Our next question comes from Charlie Anderson with Dougherty & Company. Charlie Anderson - Dougherty & Company: Yes, thanks for taking my questions. Phil, I think in the past you’ve talked about one of the key strategies here is to maximize the NOL. And I wonder, if you could just maybe update us your thinking there, what you can do strategically to pull that off beyond what you have in the current portfolio? Philip A. Vachon: Great, question. I referred to it in the remarks, and you’ll notice I didn’t give you much meat behind it. Look, day-to-day our business is to monetize the patents that we have. That’s how we’re going to generate revenue in the sort of short, medium, long-term. That’s what we’ve got to sell right now. But a good corporate asset in addition to our nice $100 million plus balance sheet is the NOL. And so, the board is spending a lot of time thinking about the NOL. There are a lot of limitations to how we can operate with respect to the NOL under the 380 rules and so forth.

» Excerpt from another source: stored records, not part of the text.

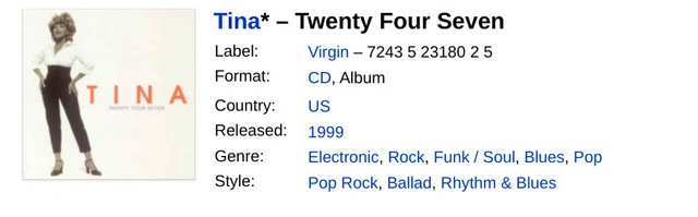 Twenty Four Seven-Turner, Tina (Artist) Format: Audio CD Condition: Used - Like new For Sale By: Owner
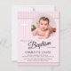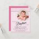 Esta invitación de bebe rosa a Baptismal incluye una cruz rosa y un fotograma oval para tu foto favorita de tu bebé.
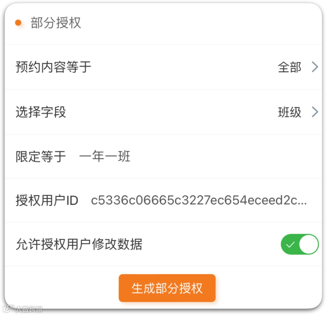 「部分授权」示意图:可查看班级为「一年一班」的预约数据

So, we have been doing a lot of work on that, but I’ve got nothing to talk about today. But it’s not like we have forgotten about it. Charlie Anderson - Dougherty & Company: Fair enough. And then I think, one thing I want to address is that, in the quarter InterDigital did a very substantial transaction with Samsung, it seems like what maybe end of the sale made there is that they gave up a little bit of rate in exchange for a longer duration of a deal. I wonder if there has been any movement toward that type of structure in some of the conversations you had and maybe (indiscernible) some of them? Philip A. Vachon: So, I don’t know the specifics of that deal, but I have come from a software industry where it’s a licensable product. So when you extend the agreement for a period of time and you take the same money, that’s a discount. I mean it just (indiscernible) what it is. So, look if we have the overall economics of a deal that works for two years, five years, seven years, nine years, it’s not a problem. We have a lot of flexibility in how we structure our agreement. The question is, is the overall economics worthwhile? And so far the answer is no. But sure, if somebody offered me a seven year deal as opposed to a five year deal provided the discount wasn’t too much, but that what you just described I consider it discount. Charlie Anderson - Dougherty & Company: Got it. Thanks so much. Philip A. Vachon: All right.
We have no further questions at this time. I’d like to turn the conference back to Mr. Vetter for any additional or closing remarks.
We just appreciate everybody’s time today and have a good evening. Thank you.
Once again ladies and gentlemen, that does conclude today's conference. Thank you for your participation.